*To do*.
Everything below from the line with "Pompe manuelle rotative" through the line with "Bu yazıyı yazıyorum" should be copied exactly, and nothing else; leave out the pictures.

*Input material*.
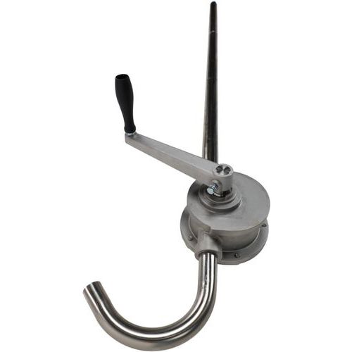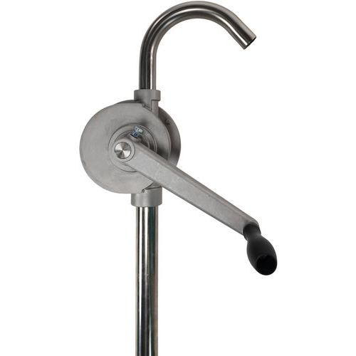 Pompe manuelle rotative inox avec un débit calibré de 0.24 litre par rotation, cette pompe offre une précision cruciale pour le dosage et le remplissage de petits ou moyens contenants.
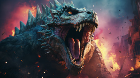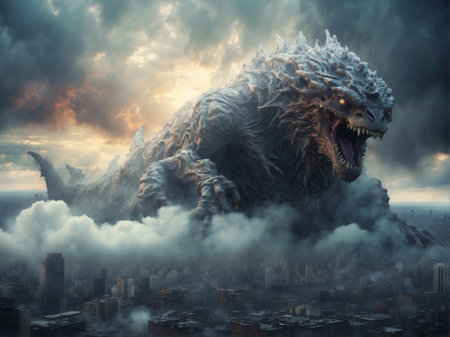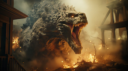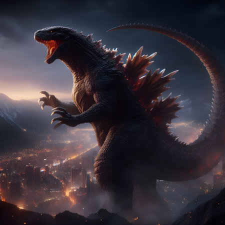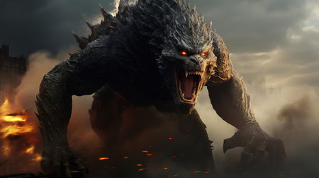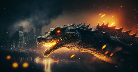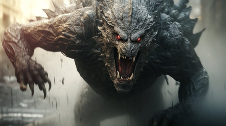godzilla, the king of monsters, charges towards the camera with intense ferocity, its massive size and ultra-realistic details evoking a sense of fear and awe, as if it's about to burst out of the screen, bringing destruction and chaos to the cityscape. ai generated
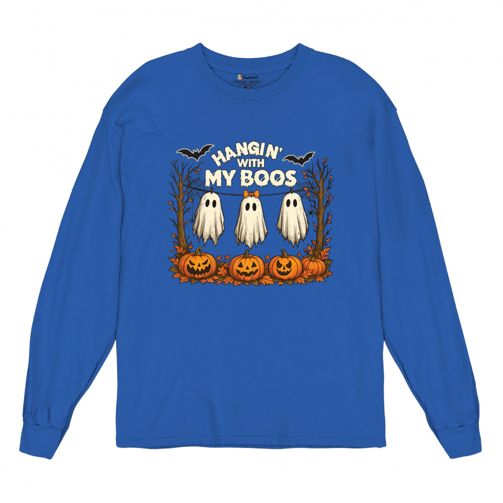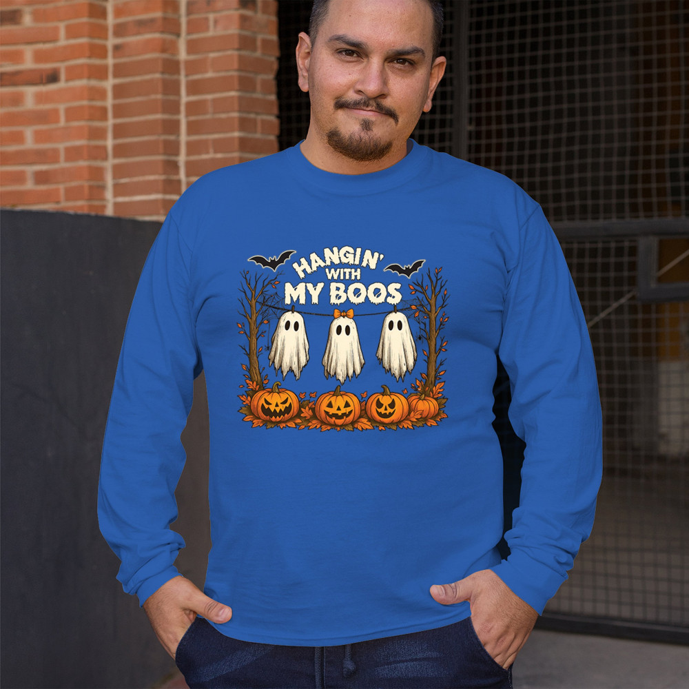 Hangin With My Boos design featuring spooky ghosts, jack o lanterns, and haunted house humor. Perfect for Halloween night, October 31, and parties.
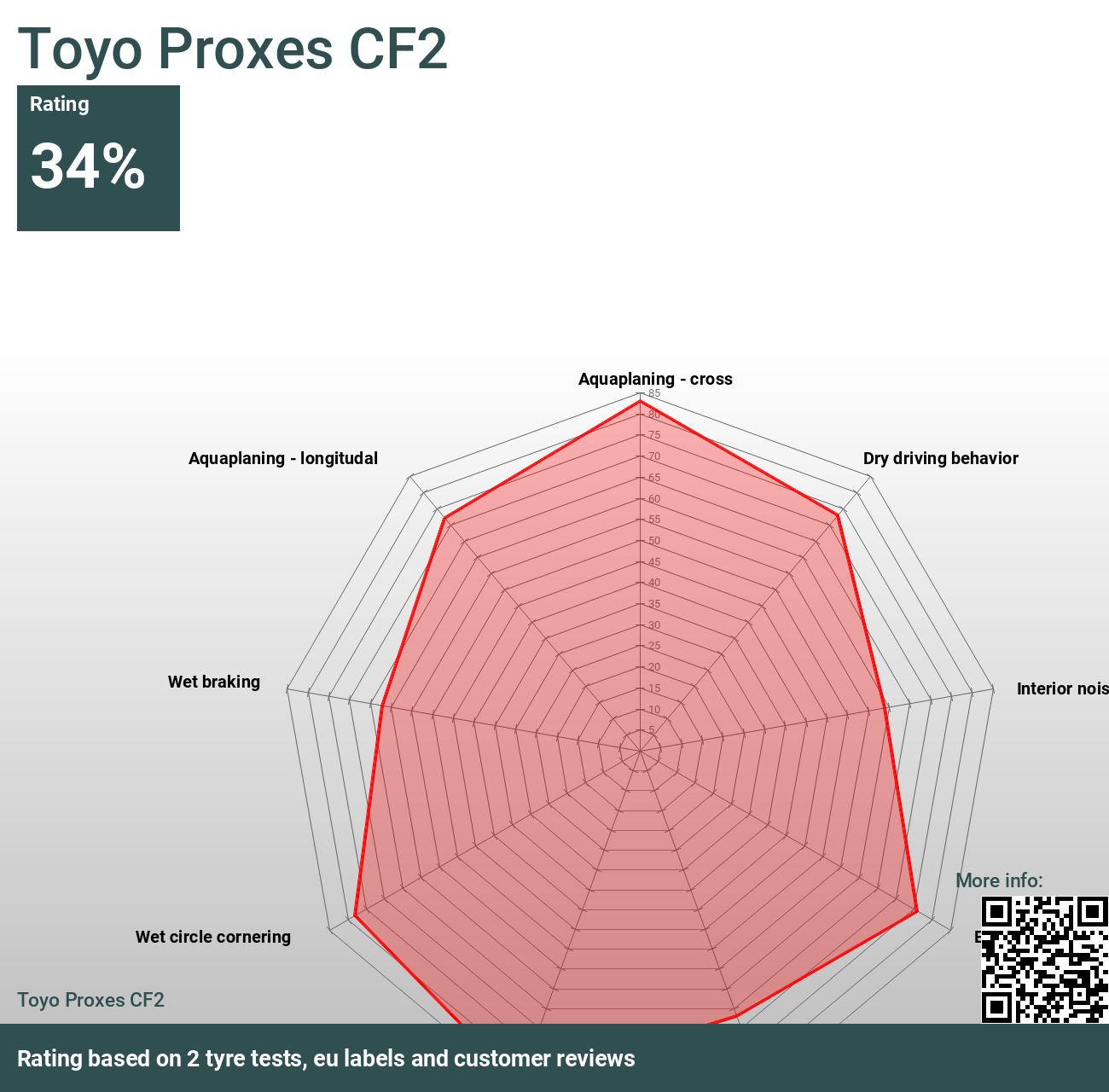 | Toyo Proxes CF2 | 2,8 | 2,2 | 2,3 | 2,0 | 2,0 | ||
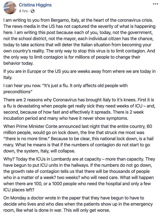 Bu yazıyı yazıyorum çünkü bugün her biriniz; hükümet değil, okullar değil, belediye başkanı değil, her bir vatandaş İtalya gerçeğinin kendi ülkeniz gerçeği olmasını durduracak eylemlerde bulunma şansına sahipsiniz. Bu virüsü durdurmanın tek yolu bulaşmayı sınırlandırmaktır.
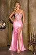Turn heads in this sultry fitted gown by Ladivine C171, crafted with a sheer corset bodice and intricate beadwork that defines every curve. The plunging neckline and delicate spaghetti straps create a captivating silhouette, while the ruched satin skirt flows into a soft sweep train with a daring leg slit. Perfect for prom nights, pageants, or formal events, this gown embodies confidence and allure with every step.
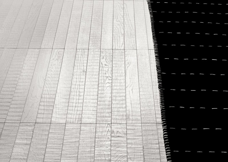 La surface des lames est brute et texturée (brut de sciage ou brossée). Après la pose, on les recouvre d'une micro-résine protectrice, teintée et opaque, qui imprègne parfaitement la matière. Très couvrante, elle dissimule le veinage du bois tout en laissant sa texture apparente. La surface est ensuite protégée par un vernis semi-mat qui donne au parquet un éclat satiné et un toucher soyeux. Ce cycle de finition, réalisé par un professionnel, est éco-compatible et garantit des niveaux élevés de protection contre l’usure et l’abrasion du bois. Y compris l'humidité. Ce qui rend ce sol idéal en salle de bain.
...
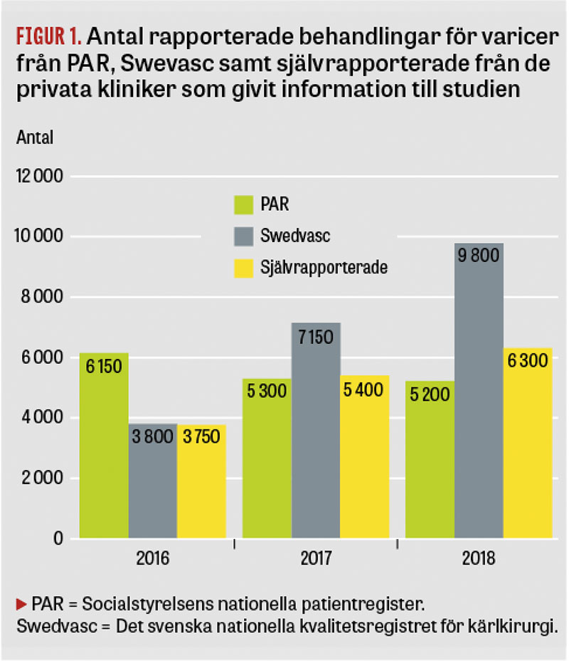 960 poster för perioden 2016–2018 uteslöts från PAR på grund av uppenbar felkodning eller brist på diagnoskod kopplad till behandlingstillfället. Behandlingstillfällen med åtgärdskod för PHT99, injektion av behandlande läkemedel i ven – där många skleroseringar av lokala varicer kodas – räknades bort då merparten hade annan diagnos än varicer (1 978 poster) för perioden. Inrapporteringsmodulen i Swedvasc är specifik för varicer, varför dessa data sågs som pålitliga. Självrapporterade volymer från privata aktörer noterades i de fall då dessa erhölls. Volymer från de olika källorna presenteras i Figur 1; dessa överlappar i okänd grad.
...
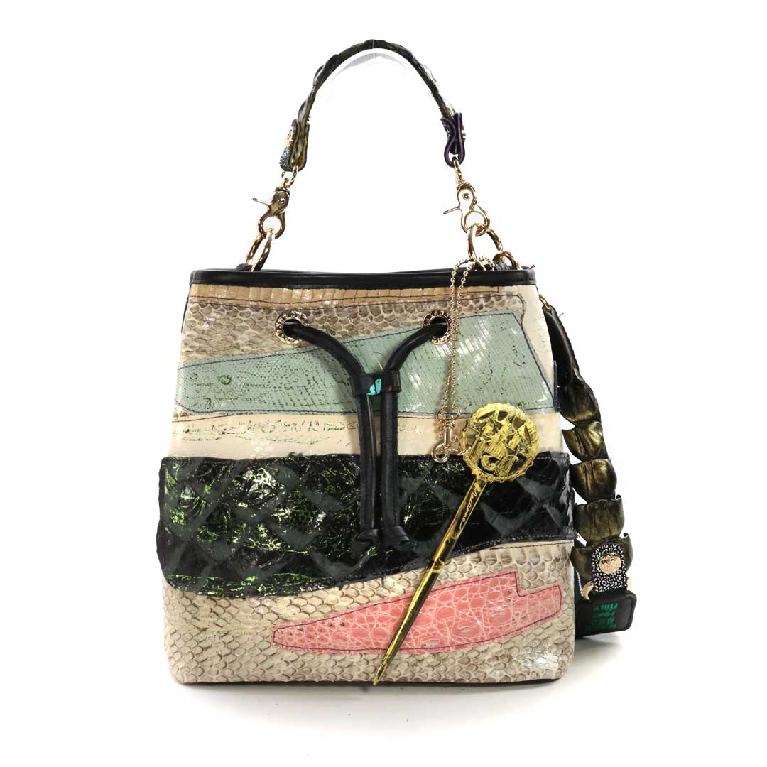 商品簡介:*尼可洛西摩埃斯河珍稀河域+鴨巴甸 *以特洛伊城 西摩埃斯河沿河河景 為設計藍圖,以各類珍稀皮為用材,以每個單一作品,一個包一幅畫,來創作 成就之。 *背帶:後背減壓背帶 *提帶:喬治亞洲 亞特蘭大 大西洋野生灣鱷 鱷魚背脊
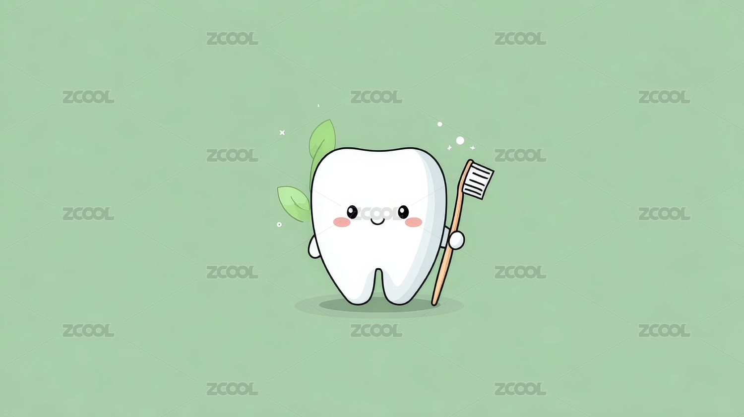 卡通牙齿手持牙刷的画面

*Problem solution*.
 Pompe manuelle rotative inox avec un débit calibré de 0.24 litre par rotation, cette pompe offre une précision cruciale pour le dosage et le remplissage de petits ou moyens contenants.
godzilla, the king of monsters, charges towards the camera with intense ferocity, its massive size and ultra-realistic details evoking a sense of fear and awe, as if it's about to burst out of the screen, bringing destruction and chaos to the cityscape. ai generated
 Hangin With My Boos design featuring spooky ghosts, jack o lanterns, and haunted house humor. Perfect for Halloween night, October 31, and parties.
 | Toyo Proxes CF2 | 2,8 | 2,2 | 2,3 | 2,0 | 2,0 | ||
 Bu yazıyı yazıyorum çünkü bugün her biriniz; hükümet değil, okullar değil, belediye başkanı değil, her bir vatandaş İtalya gerçeğinin kendi ülkeniz gerçeği olmasını durduracak eylemlerde bulunma şansına sahipsiniz. Bu virüsü durdurmanın tek yolu bulaşmayı sınırlandırmaktır.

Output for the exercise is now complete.